The original angle computation assumed unit-normalized vectors, which gave misleading results when comparing Python (exact PCA, unit vectors) with Clojure stochastic PCA for large conversations (non-unit vectors due to learning rate blending without re-normalization). Now outputs both the raw angle and the properly normalized angle, plus the norms of both vectors for diagnostics. The assertion now checks the normalized angle, which correctly identifies when vectors point in similar directions regardless of their magnitudes. Co-Authored-By: Claude <noreply@anthropic.com>

As discussed above, the alignment with clojure was an AI-hallucinated kludge to pass tests by customized scaling tailored to each dataset, hiding the problems with the Python PCA implementation (the handling of NaNs). Now that we have fixed those, we can remove that madness and update the golden records accordingly.

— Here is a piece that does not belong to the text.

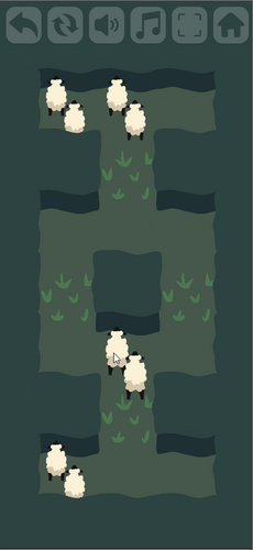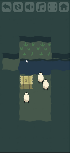 I like this chill, well thought out and nicely presented puzzle game! I noticed an interface bug though. If you fall in the water, pressing R or hitting the on screen restart button resets the level but leaves the level failed dialogue box open until you either select an option in it or move the sheep so they hit an obstruction.

- Fix all-NaN column edge case in PCA: replace NaN col_means with 0.0 - Lower per-occurrence sign-flip log level to DEBUG (summary stays WARNING) - Fix dataset validation: explicit names always search local datasets Co-Authored-By: Claude Opus 4.6 <noreply@anthropic.com>

jucor

Originally from @whilo (approved the previous version of this PR):

Overall: Approve. This is a solid fix. I traced the bug back to the original PCA port (c520b6af) — the Clojure code at conversation.clj:355-377 explicitly fills nil with per-column averages before PCA, and the Python port replaced that with np.nan_to_num(data, nan=0.0). The align_with_clojure hack (hardcoded sign flips and scaling by dataset size) was layered on top to mask the symptoms. Good to see both the root cause fixed and the hack removed.

Minor feedback:

comparer.py: _detect_scaling_factor uses float | None return type (Python 3.10+ syntax). The project pins >=3.12 in pyproject.toml so this works, but the rest of the codebase uses Optional[float] from typing — worth being consistent.
pca.py line ~508: When col_means contains NaN (all-NaN column), you silently fall back to 0.0. Consider logging a warning — an entirely unvoted column is unusual and could indicate a data pipeline issue upstream.
test_legacy_clojure_regression.py lines 333-337: The unnormalized angle computation is dead code (printed but never asserted on), and the # NOTE: This assumes both vectors are unit-normalized comment is misleading since the code right below it computes the normalized version that's actually used. Either remove it or label it clearly as diagnostic.
Sign convention suggestion for a future PR: Rather than using ignore_pca_sign_flip=True in regression tests (which loosens PCA sensitivity), consider a deterministic sign-fixing convention (e.g., force the largest-magnitude element of each component to be positive). This would make golden records fully reproducible without needing sign flip tolerance. Not a blocker for this PR.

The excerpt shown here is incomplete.